Asymptotically, i.e. for sufficiently informative data (here: quantified in terms of the sample size n per time point t), there is no difference between the paradigms. The Bayesian and the frequentist models perform equally well. For less informative data (here: for small n) there are significant differences, as described in more detail below. While the homogeneous model variants (FREQ–HOM and BAYES–HOM) cannot deal with non-homogeneity, the non-homogeneous models, except for the frequentist changepoint model (FREQ–CPS), do not overfit homogeneous data. Thus, it can be recommended applying non-homogeneous approaches, even if the data might be homogeneous. Moreover, if the data is informative enough, in both frameworks (Bayesian and frequentist) all three non-homogeneous models can approximate all kinds of non-homogeneity, unless there is a clear mismatch between the model and the underlying data. E.g. in Sects. 6 and 7 it was found that the changepoint models (FREQ–CPS and BAYES–CPS) perform badly for mixture data. The hidden Markov models (FREQ–HMM and BAYES–HMM) appear to be superior to the mixture models (FREQ–MIX and BAYES–MIX), since they are competitive on free-mixture data, and superior on hidden Markov and changepoint-segmented data.Footnote 15 In a pairwise comparison of the four Bayesian and the four frequentist models it was found for less informative data (here: small n) that the Bayesian changepoint model (BAYES–CPS) is superior to its frequentist counterpart (FREQ–CPS), while the opposite trend could be observed for the mixture model and the hidden Markov model. The superiority of the Bayesian changepoint model (BAYES–CPS) over the frequentist variant (FREQ–CPS) is due to the fact the the frequentist model variant is very susceptible to over-fitting (see Fig. 10a in Sect. 7). The inferiority of the Bayesian free mixture model (BAYES–MIX) and the Bayesian hidden Markov (BAYES–HMM) model to their frequentist counterparts is caused by the allocation vector priors. Both Bayesian models employ the Multinomial-Dirichlet prior, which is known to impose a very strong penalty on non-homogeneous allocations (see Fig. 9 in Sect. 7), rendering the Bayesian variants inappropriate for less informative data sets (here: for small samples sizes n) than the two frequentist variants FREQ–MIX and FREQ–HMM (see, e.g., Fig. 10b).

For the real-world New York City Taxi (NYCT) data very similar trends could be observed.

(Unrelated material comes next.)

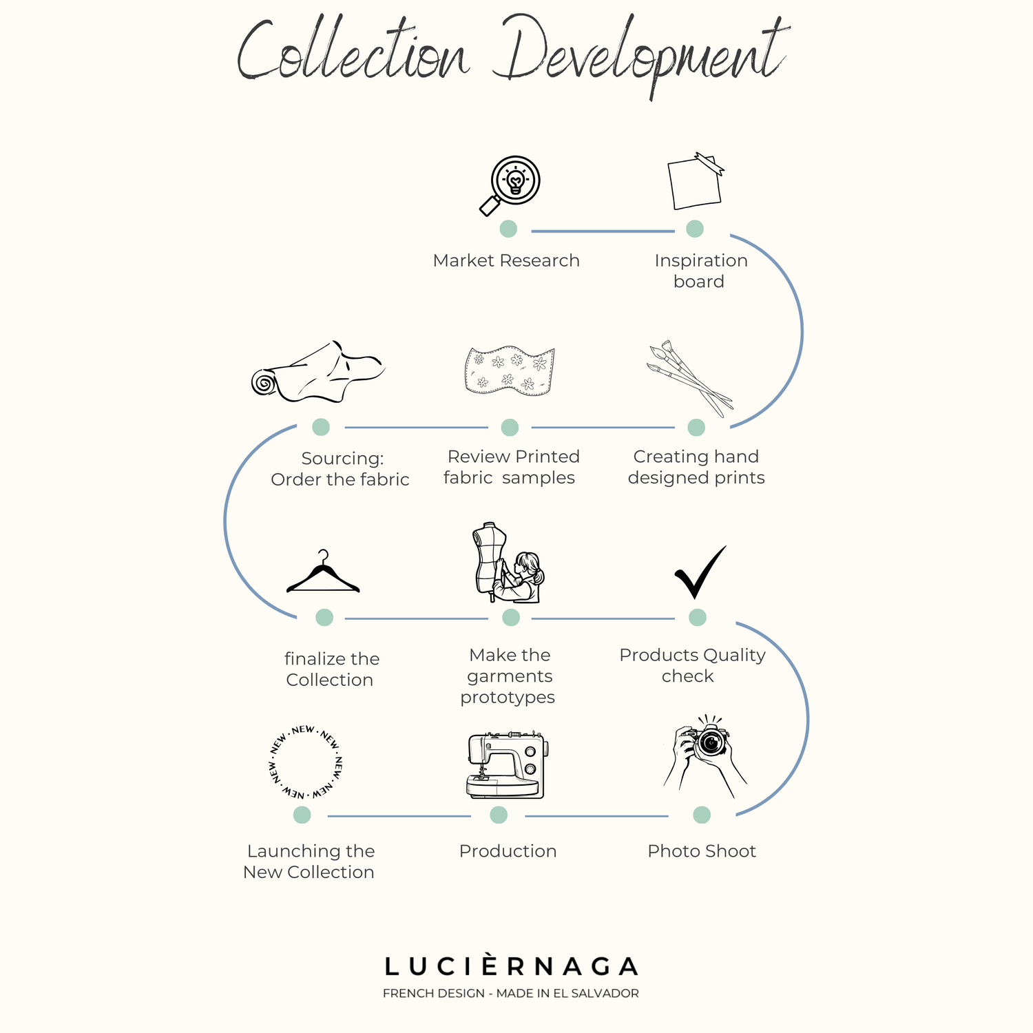 Our Collection development involves strategic planning, designing, and producing a cohesive range of beachwear that embody LUCIÈRNAGA's brand identity. Here are the essential steps in our process

For sufficiently informative data (here: for large n) all non-homogeneous models led to approximately identical results, and for uninformative data (here: for small n) it was found that the Bayesian changepoint model (BAYES–CPS) performs better than its frequentist counterpart, while the frequentist mixture model (FREQ–MIX) performs better than its Bayesian counterpart (see Fig. 7). It was also found that the performances of the best Bayesian model (BAYES–CPS) and the best frequentist model (FREQ–MIX) do not differ significantly for any n. Finally, it should be noted that potential ‘overdispersion’ problems (i.e. potential violations of the Poisson model assumption) were not taken into account within the presented study. Unlike for the synthetic data, where all data points were actually sampled from Poisson distributions so that over-dispersion problems could not arise, overdispersion could have been present for the real-world NYCT data application. Therefore, the (undispersed) models, considered here, might have been suboptimal for the NYCT data and better results could perhaps have been obtained by taking the potential over-dispersion properly into account; e.g. by replacing the Poisson distribution by the more flexible negative binomial distribution or by applying more advanced Poisson model approaches.